Еще вспоминается с того далекого времени, как однажды, когда мне было девять лет, мама взяла меня с собой на свою родину – в околицы шляхетских Ново-Терешковичей. Там жила старенькая бабуля Малиновская. Мать говорила, что ей 132 года. Она уже не ходила – лежала в постели, и к ней люди водили своих детей. Завела мама и меня. Думаю, не просто так завела, не без своего потаенного намерения. Меня посадили рядышком с бабушкиной кроватью, и мне почему-то стало очень жалко ее, я, кажется, пустил слезу.

– Как тебя зовут, мальчик? – спросила меня Малиновская, и когда я ответил, она положила мне на голову свою руку и, обращаясь к маме, сказала: – Хороший у тебя мальчик, Дуня. Пускай живет долго и богато.

И еще жил у нас там же, в Ново-Терешковичах, мой дед Степан – мамин папа. Он любил меня без меры. Может быть, даже и за то, что я носил его имя. Завел нас к себе на пасеку и угощал свежим медом. Удивило и поразило, однако, не множество красивых ульев, не пчелиная суета около них, даже не мед, которого было много и в сотах, и в глиняных кувшинах, – ешь, хоть лопни, как то, что на пасеке стоял деревянный крест с иконой, – дед перед ним молился...»

Хоменок положил поверх написанного ручку, перечитывать не стал, но вспомнил, что собирался писать о Норильске, а написалось совсем другое – про детство, про мать, про деда... И про мед. Про светлое и сладкое написалось. Это хорошо. Про Норильск – потом, поскольку таким писарям, как он, на сегодня хватит: руки натрудил, словно гвозди вбивал молотком, а не ручку держал. Тяжелая, оказывается, эта работа – писать. И думать надо, и сноровку в руке иметь. Однако решил твердо: отдохнет, поужинает, и опять сядет за стол. А пока надо растолкать Володьку, чтобы шел к себе. Проспался, пожалуй. Хоменок глянул на Володьку и без притворства пожалел, что трезвый день сегодня только у него одного.

Да и то – поздно...

Раздел 14. Заговор

Народный поэт Беларуси Петрусь Бровка, когда гостил у своего брата Александра, любил смотреть поутру на реку, которая вся дымилась, словно жбан с парным молоком, причмокивал языком, крутил головой, восклицая:

– Как бы здесь писались стихи!

Брат Александр Устинович соглашался, подначивал и, возможно, жалел, что он не поэт, а всего-навсего журналист, в прошлом заместитель редактора областной газеты, а теперь редактор световой, которая стремительной лентой несется в предвечернее время и вечером над гостиницей «Гомель», ловко скользит над крышей, едва не задевая ее обычно одними и теми же аршинными буквами, и если кому нечего делать, они могут прочесть, высматривая за той строкой-змейкой, словно кот за птенцом, где в городе можно отремонтировать обувь, приобрести костюм, пообедать. И о многом другом.
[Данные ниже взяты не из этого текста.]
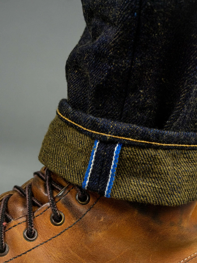 Tanuki did this fabric as a limited 14oz edition in 2020, and they still get loads of requests for it. So the Kusaku fabric is bringing it back on steroids. 19.5oz, very slubby, incredible texture with green and yellow neps, and a very unique fading potential. The weft is naturally dyed with pomegranate rinds and is truly one of a kind. The cotton for both warp and weft is a mix of Texas and Australian cotton for a great compromise of rough and soft.

Между тем, народный поэт световую газету не читал по одной простой причине – во время его коротких визитов в «братов город» из дому он поздно не выходил. Город он любил днем. Особенно этот район, где жил его Сашка. Подолгу бродил, не уставая, к своему удивлению, Петрусь Бровка по тихим, почти безлюдным улицам и переулкам, останавливался перед вывесками и памятными знаками, что несли на себе отблески прошлого. Если бы кто зафиксировал тот путь, который отмерял, к примеру, в течение всего одного дня Петрусь Бровка, то он выглядел бы следующим образом. Но сперва вот о чем. Весь этот район восточной окраины города появился в итоге его расширения на север от первоначального центра – парка и площади. «Свисток»! Так назвали когда-то эту красивую местность, где хорошо писались бы стихотворения, а отчего так – гадать не надо, все понятно: название дано только потому, что поселялись здесь исключительно гомельские чиновники и офицеры, а слово «свисток» имело общий оттенок или просто – популярное название. Оно прижилось, и когда сперва Петрусь Бровка думал, что здесь где-то поблизости железнодорожный вокзал или локомотивное депо, то он ошибался: ничего этого и близко не было.

Таким образом, народный поэт шел бы в тот день следующим путем. Приятно посмотреть на утренний Сож. Улица Набережная. Далее хорошо пройтись в направлении улицы Садовой к пересечению ее с Волотовской, затем – на улицу Пушкина... Пионерский скверик... Гостиница цирка... Улица Портовая... Разумеется, там, поближе к реке, – порт, судо-строительно-ремонтный завод... Улица Парижской коммуны... Сожская – это уже перед самым Сожем... Можно наклониться, зачерпнуть пригоршней водички и ополоснуть лицо... Благодать!

Когда-то центральными улицами Свистка были Липовая и Крушевская. В 1937 году Липовой дали имя Александра Пушкина в связи со столетием со дня гибели великого русского поэта. Петрусь Бровка где-то вычитал, что на улице Липовой в дореволюционное время имелось много одноэтажных добротных домов, а также на ней были и кирпичные строения – в том числе и железнодорожная лечебница.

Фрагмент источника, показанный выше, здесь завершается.